Dans cette transition, le hardware devient du matériel générique, des serveurs standards. C’est un changement radical : les besoins de ressources d’infrastructure s’évalueront en termes de volume nécessaire, sans se préoccuper de la forme que cela prendra, car le logiciel est là pour adapter aux applications les ressources physiques, le réseau, le stockage et le calcul. Du coup, le stockage se consomme comme une ressource peu chère, hautement disponible et fiable, performante et partagée entre les applications.
Comment s’organise la protection des données ?
Nous avons notamment travaillé sur un mécanisme qui permet au système de « se guérir » lui-même : il repère les pannes et écarte les disques défaillants. Les opérateurs interviennent ainsi de moins en moins dans le système.
Différents mécanismes existent pour protéger les données. Le premier consiste à détecter très vite les données manquantes ou la disparition de données. En outre, nous protégeons les données soit en les répliquant simplement, soit en utilisant des modèles et des calculs mathématiques pour les recréer. C’est historiquement ce que les informaticiens ont toujours fait, mais la différence vient d’un système de plus en plus distribué. On reconstruit donc ces données de façon de plus en plus rapide et cette distribution permet au système de continuer à fonctionner globalement en cas de panne d’un disque. Or les gros systèmes utilisent des milliers de disques et une panne sur l’un d’entre eux est un événement quasiment quotidien. La résolution de ces événements doit donc être complètement automatisée. C’est révolutionnaire pour les départements informatiques, car aujourd’hui, les acteurs traditionnels vendent au département informatique de pouvoir changer un disque en 4 heures.

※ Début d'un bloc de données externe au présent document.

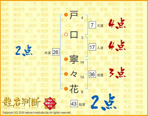戸口寧々花さんの総運は43画の2点!
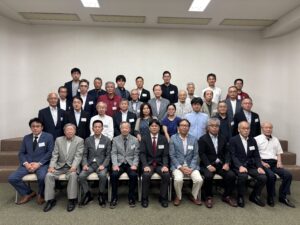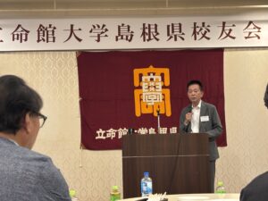 2025年9月20日(土)午後2時から、松江市のサンラポーむらくもにおいて、「第54回立命館大学島根県校友会総会」が開催され、来賓含め35名が出席した。第Ⅰ部 総会は、和田裕之事務局長(‘93経営)の司会により開会され、まず最初に全員で校歌斉唱を行った。

Nous échangeons donc un service haut de gamme, mais très cher en RH (un technicien sur site 24 heures sur 24), par la fiabilité et l’automatisation procurées par le logiciel.
Comment gérer la croissance exponentielle des données ?
À l’heure actuelle, les banques ne peuvent pas garder toutes les données ou informations collectées, car cela revient trop cher. Pourtant, avec les technologies de Big Data, ces données, correctement exploitées par un Data Scientist, peuvent être une mine d’or.
L’architecture de type « software defined » permet de rendre le coût du stockage suffisamment bas pour envisager de garder toutes les données issues des transactions ou des interactions entre l’établissement et ses clients.
Quelles sont les économies réalisées ?
L’architecture « software defined » génère de nombreuses sources d’économie : matériel générique, et donc moins cher, meilleure utilisation des ressources grâce à la mutualisation (absence de silos), automatisation des tâches, réduction des pannes, pérennité de l’infrastructure (migration de données superflue)… Il en résulte une réduction du coût total d’exploitation d’un facteur 2 à 4. En pratique, nous constatons que nos clients augmentent les capacités stockées à coût constant plutôt que de réduire les budgets.
Certaines banques ont-elles déjà réorganisé leur système de cette façon ?
Nous avons déjà deux clients bancaires aux États-Unis, où se font jour des initiatives fortes des directions bancaires pour faire évoluer l’informatique à marche forcée : plusieurs établissements, comme Fidelity ou Wells Fargo, se sont exprimés publiquement sur ce sujet. On ne constate pas le même sentiment d’urgence dans les banques européennes, qui voient encore souvent les SI comme un outil à l’appui des métiers, et non comme un aspect stratégique de leur activité, sans compter les enjeux sociaux. Mais elles y viendront : cette transformation est inexorable et elle est aussi une opportunité pour les banques d’avoir une meilleure interaction avec leurs clients.